I was wondering what the show and shine competition is like? Is it like a pride of Ownership competition, cars that are driven but kept in the best possible condition, or is it more of a concourse competition?

I'm thinking about entering my car, although I've already won 11 trophies with it, it's not concourse standard because it's driven and has £78,000 on the clock. Pride of Ownership standard definitely.


----------



## Simz (Jun 7, 2013)

The overall winner of Waxstock a couple of years back was a daily, get it entered mate

Sent from my iPhone using Tapatalk


----------



## chongo (Jun 7, 2014)

OCDDetailer said:


> I was wondering what the show and shine competition is like? Is it like a pride of Ownership competition, cars that are driven but kept in the best possible condition, or is it more of a concourse competition?
> 
> I'm thinking about entering my car, although I've already won 11 trophies with it, it's not concourse standard because it's driven and has £78,000 on the clock. Pride of Ownership standard definitely.

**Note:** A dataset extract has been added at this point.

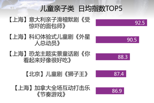 目前,兒童親子類日均指數(shù)TOP5中,意大利親子滑稽默劇《受驚嚇的面包師》和科幻體驗(yàn)式兒童劇《外星人總動員》在掛單溢價(jià)率均超過30%。其中意大利親子滑稽默劇《受驚嚇的面包師》以92.5奪得該月的指數(shù)冠軍,科幻體驗(yàn)式兒童劇《外星人總動員》以90.5位居第二,它們都以新奇有趣的表演形式受到了廣大兒童和家長們的喜愛。
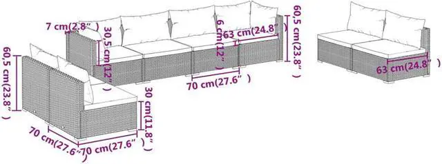 - Seat cushion dimensions: 27.6" x 24.8" x 2.4" (L x W x T)

That's an expensive clock you have:doublesho:lol:


----------



## Waxstock (Jun 21, 2012)

OCDDetailer said:


> I was wondering what the show and shine competition is like? Is it like a pride of Ownership competition, cars that are driven but kept in the best possible condition, or is it more of a concourse competition?
> 
> I'm thinking about entering my car, although I've already won 11 trophies with it, it's not concourse standard because it's driven and has £78,000 on the clock. Pride of Ownership standard definitely.

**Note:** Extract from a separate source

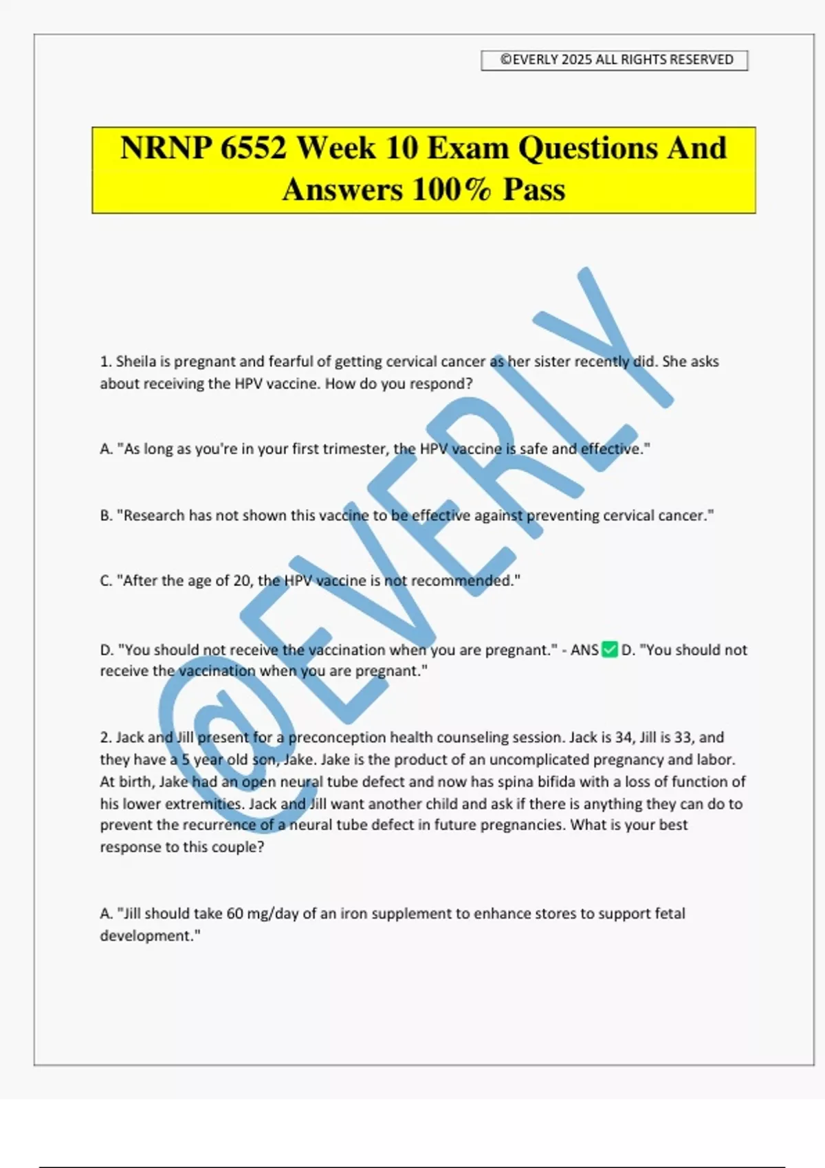 1. Sheila is pregnant and fearful of getting cervical cancer as her sister recently did. She asks

There are two Show and Shine events on the day.

The Arrive and Shine is a drive and display competition on cars parked both inside and outside the hall. there are also several different categories. since there are up to a max of 150 cars the judging is done with less scrutiny than the TOP 16.
however, it is still one of the most accurately assessed 'one day' show and shines in the country, if not Europe. judged by detailers and car show connoisseurs.

The Detailing World TOP 16 is the mother of all detailing specific show and shines. there is a complex scoring system based on years of experience and detailing knowledge. 'ITS ABOUT THE CLEAN, NOT THE MACHINE'.
modifications, non-original, brand new, stock, whatever - it only matters that the job is done to perfection. looking at everything from underside, wheels, arches, exhausts, interior, paint, glass, finish.... the list goes on.

both would great for your pride and joy 8)


----------



## OCDDetailer (May 17, 2011)

Thank you. I think I'm going to enter 

I might go in for top 16 but if I don't get it at least I'll still have a space on the show and shine.


----------



## TonyH38 (Apr 7, 2013)

Go for it and good luck.


----------